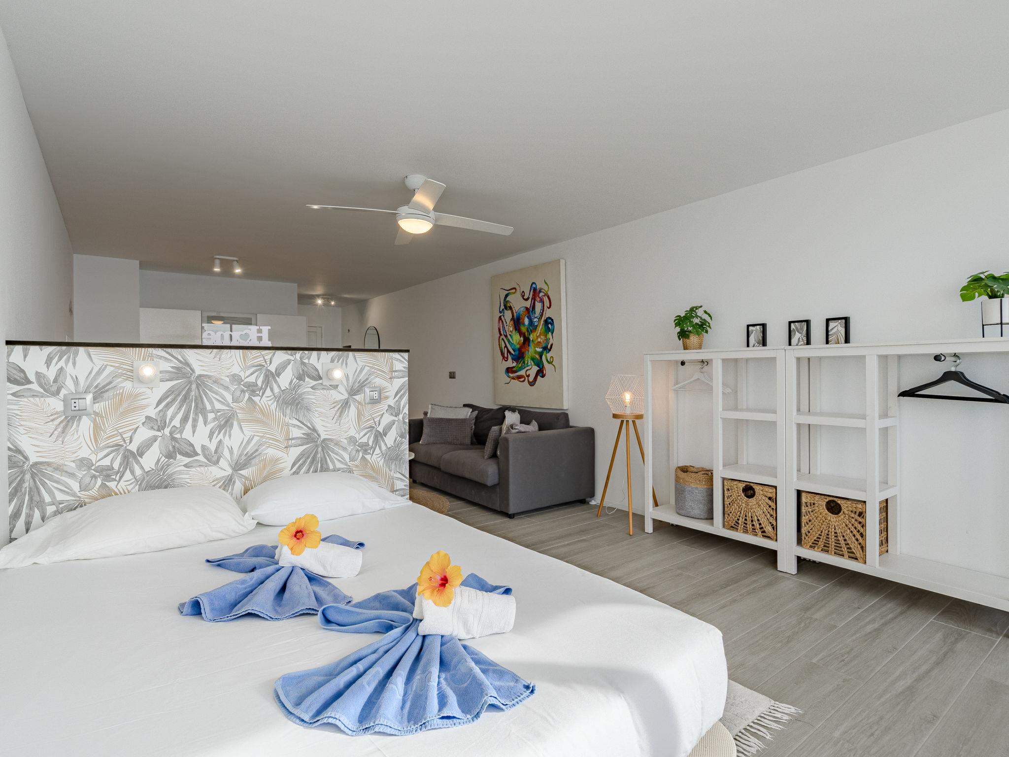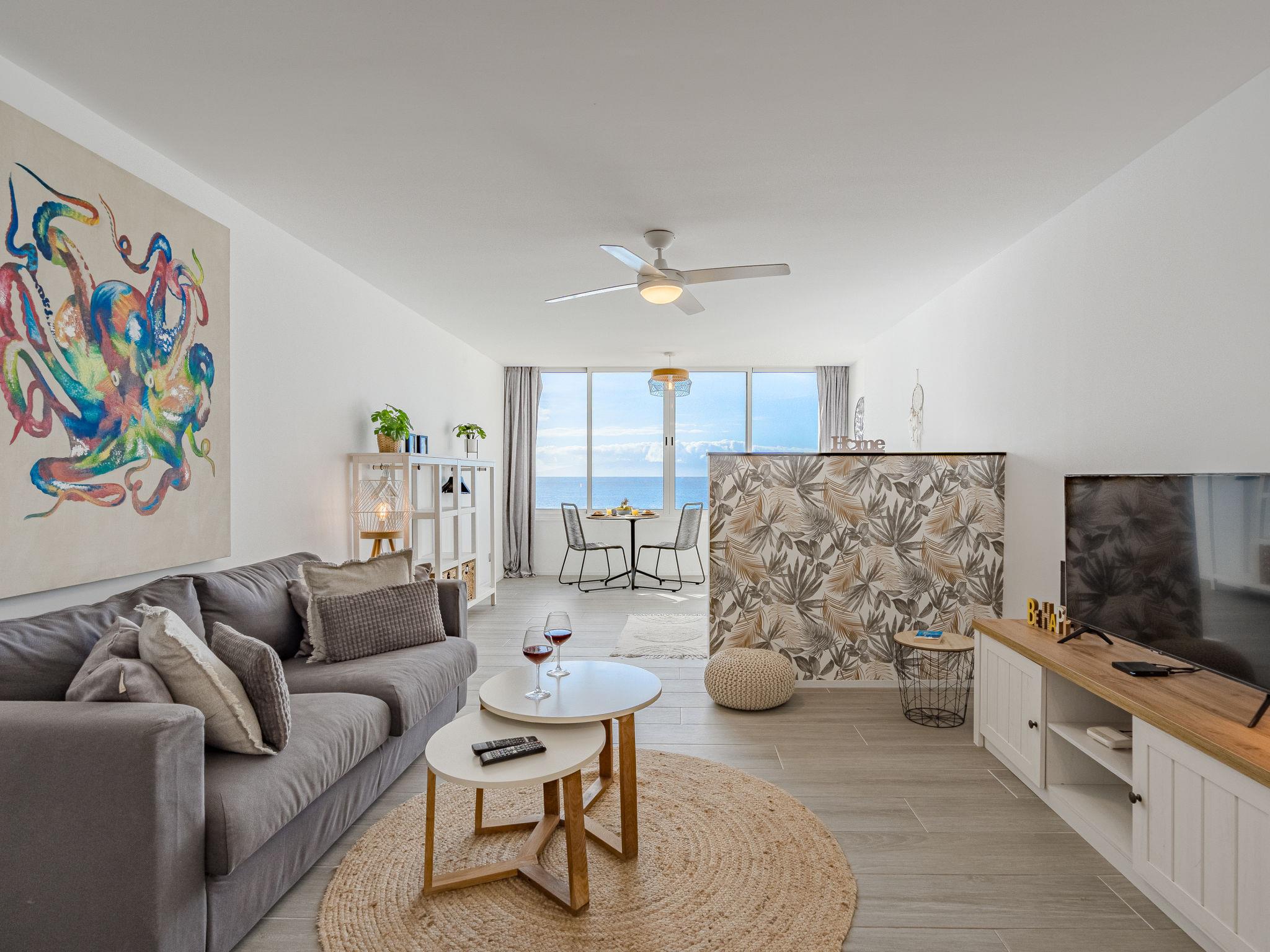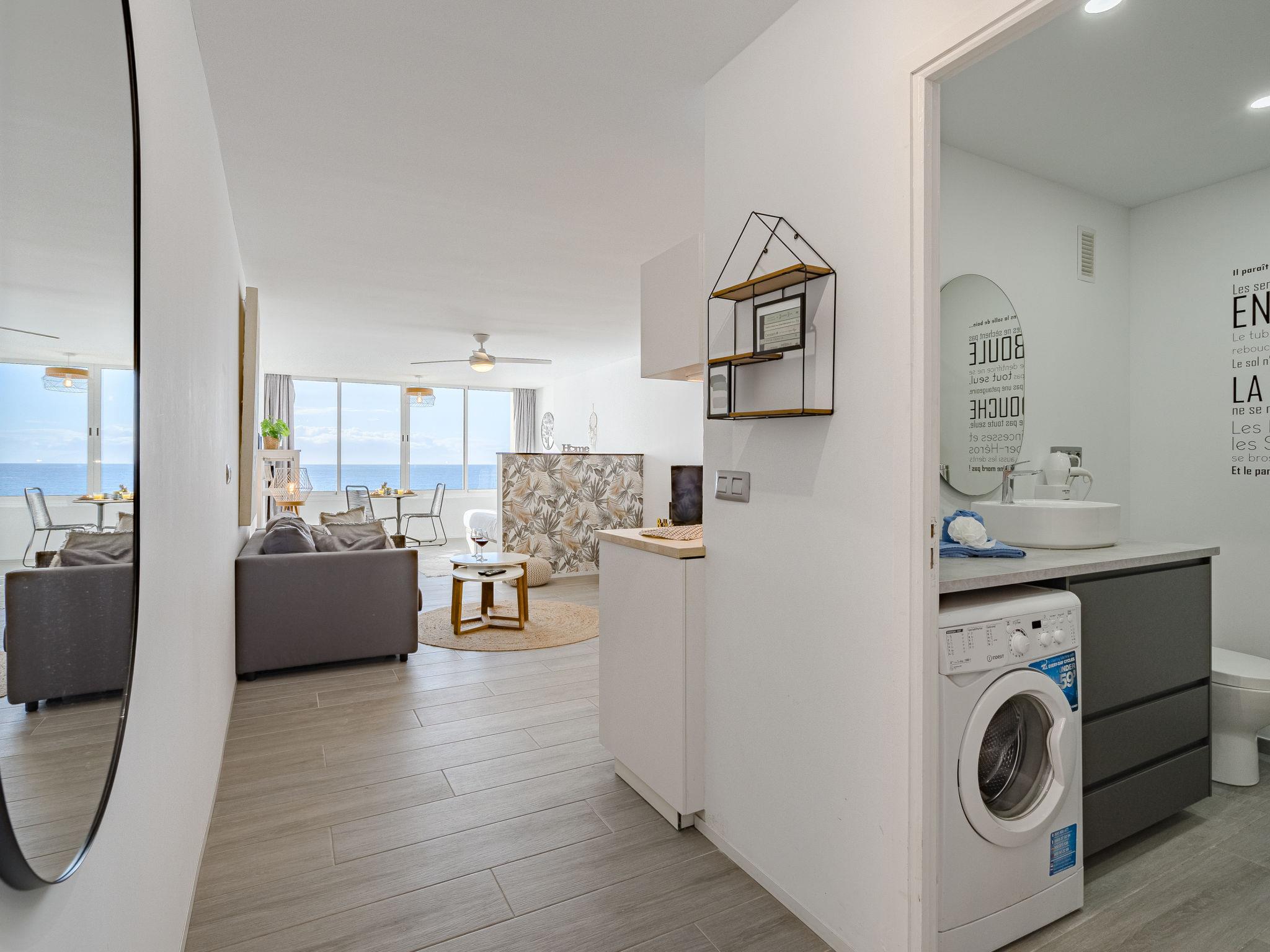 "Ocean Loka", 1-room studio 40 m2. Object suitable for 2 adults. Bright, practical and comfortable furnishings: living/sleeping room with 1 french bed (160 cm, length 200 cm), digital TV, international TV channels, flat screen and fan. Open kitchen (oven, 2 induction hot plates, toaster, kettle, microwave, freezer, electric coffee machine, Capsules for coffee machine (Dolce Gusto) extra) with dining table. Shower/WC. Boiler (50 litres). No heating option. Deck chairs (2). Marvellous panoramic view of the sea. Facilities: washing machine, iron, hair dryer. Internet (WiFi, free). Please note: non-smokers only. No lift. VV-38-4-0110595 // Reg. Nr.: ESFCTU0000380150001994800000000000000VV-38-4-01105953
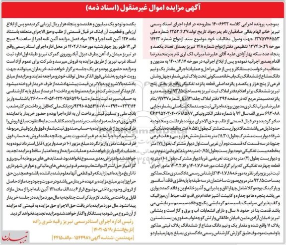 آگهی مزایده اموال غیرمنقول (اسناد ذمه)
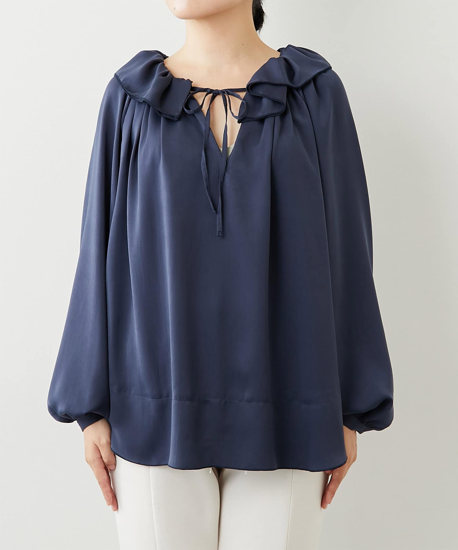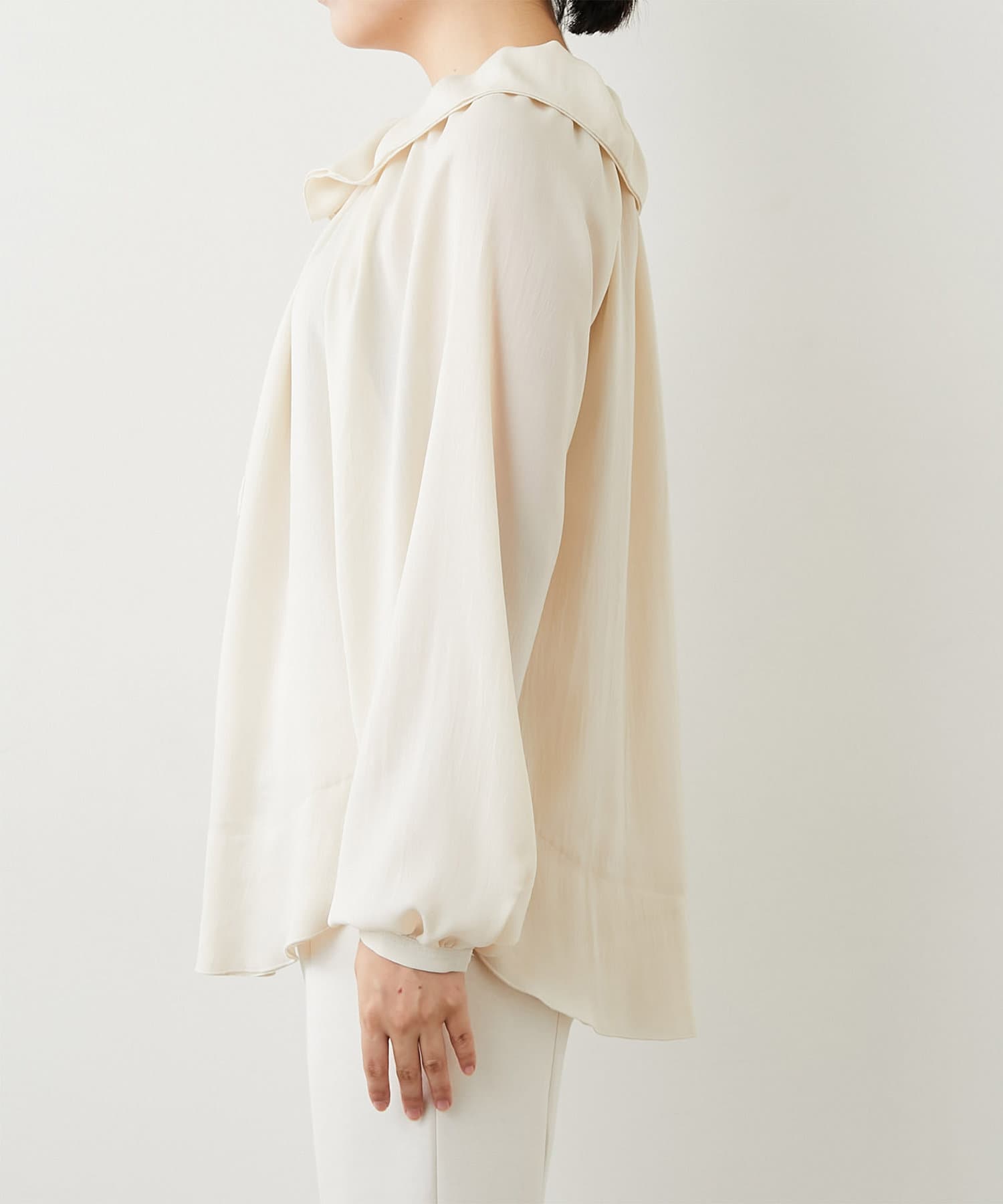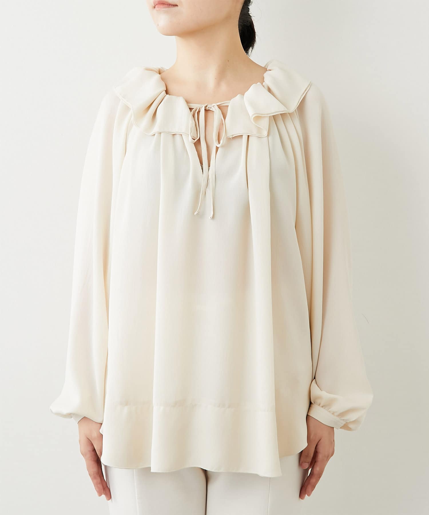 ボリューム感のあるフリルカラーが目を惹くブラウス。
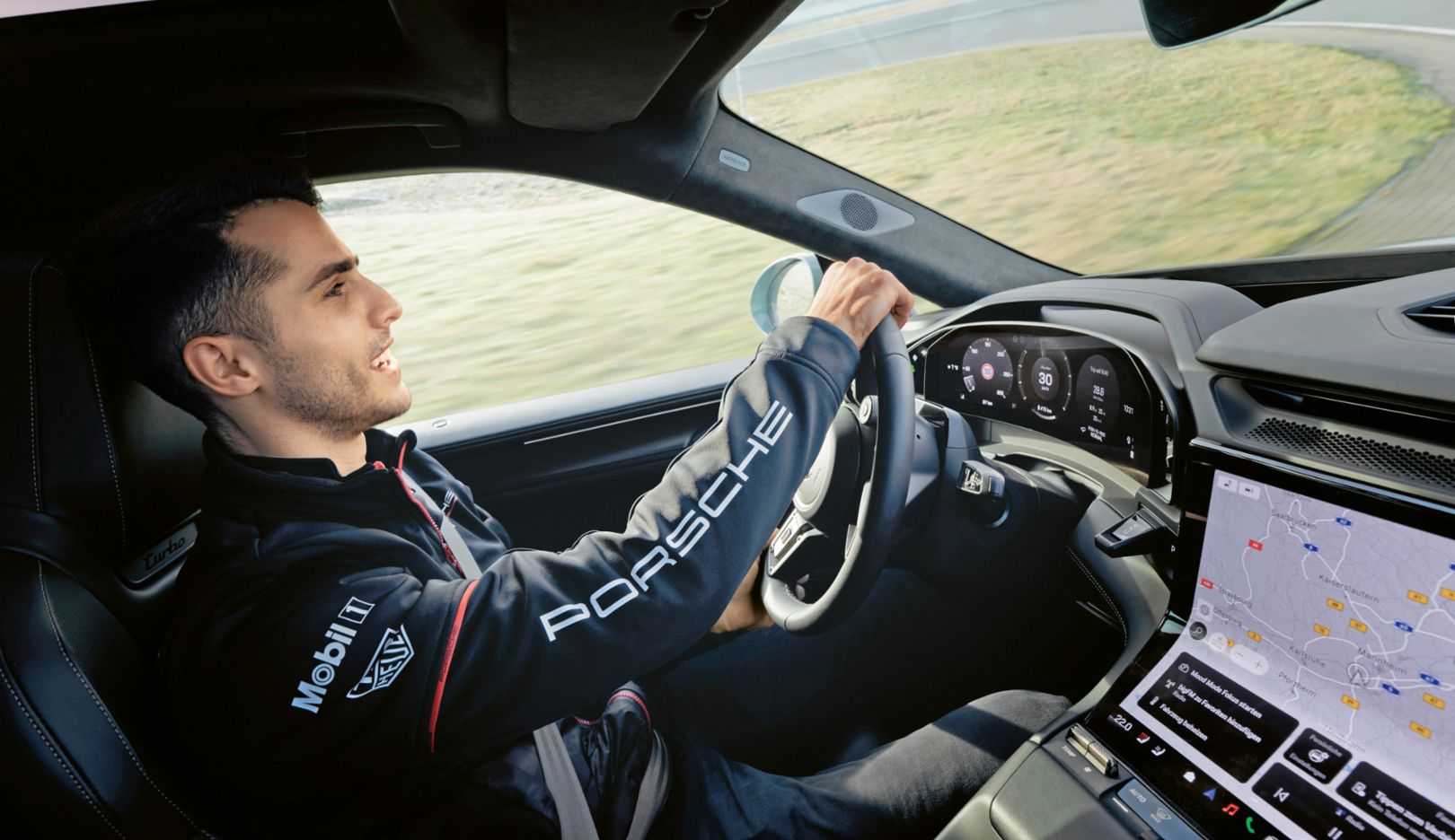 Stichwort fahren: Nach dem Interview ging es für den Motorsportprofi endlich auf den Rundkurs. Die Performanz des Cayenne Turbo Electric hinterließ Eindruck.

- _The problem_
Apart from the images, please copy every line of the data exactly as written.

- _Task solution_
 "Ocean Loka", 1-room studio 40 m2. Object suitable for 2 adults. Bright, practical and comfortable furnishings: living/sleeping room with 1 french bed (160 cm, length 200 cm), digital TV, international TV channels, flat screen and fan. Open kitchen (oven, 2 induction hot plates, toaster, kettle, microwave, freezer, electric coffee machine, Capsules for coffee machine (Dolce Gusto) extra) with dining table. Shower/WC. Boiler (50 litres). No heating option. Deck chairs (2). Marvellous panoramic view of the sea. Facilities: washing machine, iron, hair dryer. Internet (WiFi, free). Please note: non-smokers only. No lift. VV-38-4-0110595 // Reg. Nr.: ESFCTU0000380150001994800000000000000VV-38-4-01105953
 آگهی مزایده اموال غیرمنقول (اسناد ذمه)
 ボリューム感のあるフリルカラーが目を惹くブラウス。
 Stichwort fahren: Nach dem Interview ging es für den Motorsportprofi endlich auf den Rundkurs. Die Performanz des Cayenne Turbo Electric hinterließ Eindruck.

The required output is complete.